What you are asked to do:
Whatever pictures appear, omit them, and repeat the data below exactly.
(Data shown)
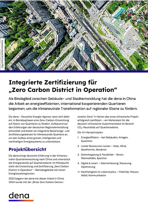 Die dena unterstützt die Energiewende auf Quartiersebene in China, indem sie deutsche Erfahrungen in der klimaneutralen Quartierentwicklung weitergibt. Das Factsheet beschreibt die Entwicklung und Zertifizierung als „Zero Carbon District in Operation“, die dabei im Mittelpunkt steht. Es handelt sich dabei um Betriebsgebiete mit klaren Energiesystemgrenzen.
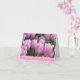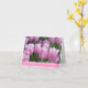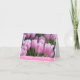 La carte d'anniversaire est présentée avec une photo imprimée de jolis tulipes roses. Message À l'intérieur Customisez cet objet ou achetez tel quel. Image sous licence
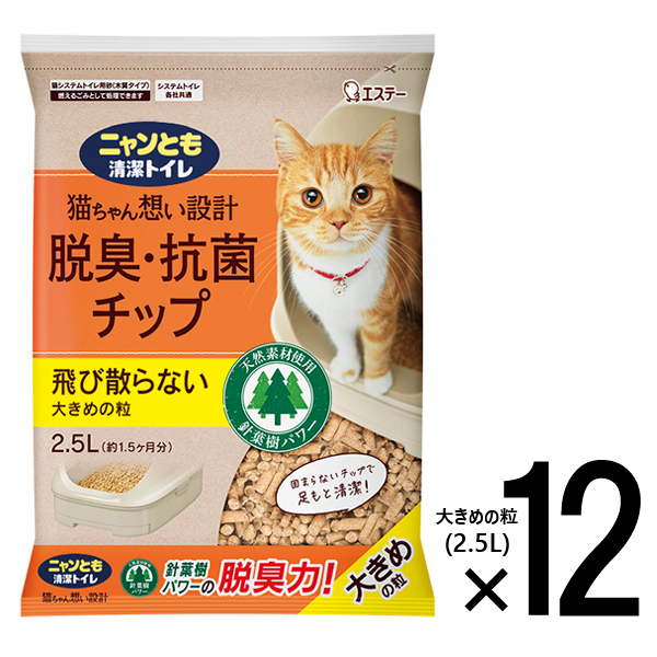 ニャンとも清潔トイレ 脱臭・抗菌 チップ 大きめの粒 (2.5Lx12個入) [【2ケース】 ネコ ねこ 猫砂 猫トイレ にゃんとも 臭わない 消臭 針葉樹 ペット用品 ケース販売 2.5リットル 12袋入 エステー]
(End Data shown)
Answer section:
 Die dena unterstützt die Energiewende auf Quartiersebene in China, indem sie deutsche Erfahrungen in der klimaneutralen Quartierentwicklung weitergibt. Das Factsheet beschreibt die Entwicklung und Zertifizierung als „Zero Carbon District in Operation“, die dabei im Mittelpunkt steht. Es handelt sich dabei um Betriebsgebiete mit klaren Energiesystemgrenzen.
 La carte d'anniversaire est présentée avec une photo imprimée de jolis tulipes roses. Message À l'intérieur Customisez cet objet ou achetez tel quel. Image sous licence
 ニャンとも清潔トイレ 脱臭・抗菌 チップ 大きめの粒 (2.5Lx12個入) [【2ケース】 ネコ ねこ 猫砂 猫トイレ にゃんとも 臭わない 消臭 針葉樹 ペット用品 ケース販売 2.5リットル 12袋入 エステー]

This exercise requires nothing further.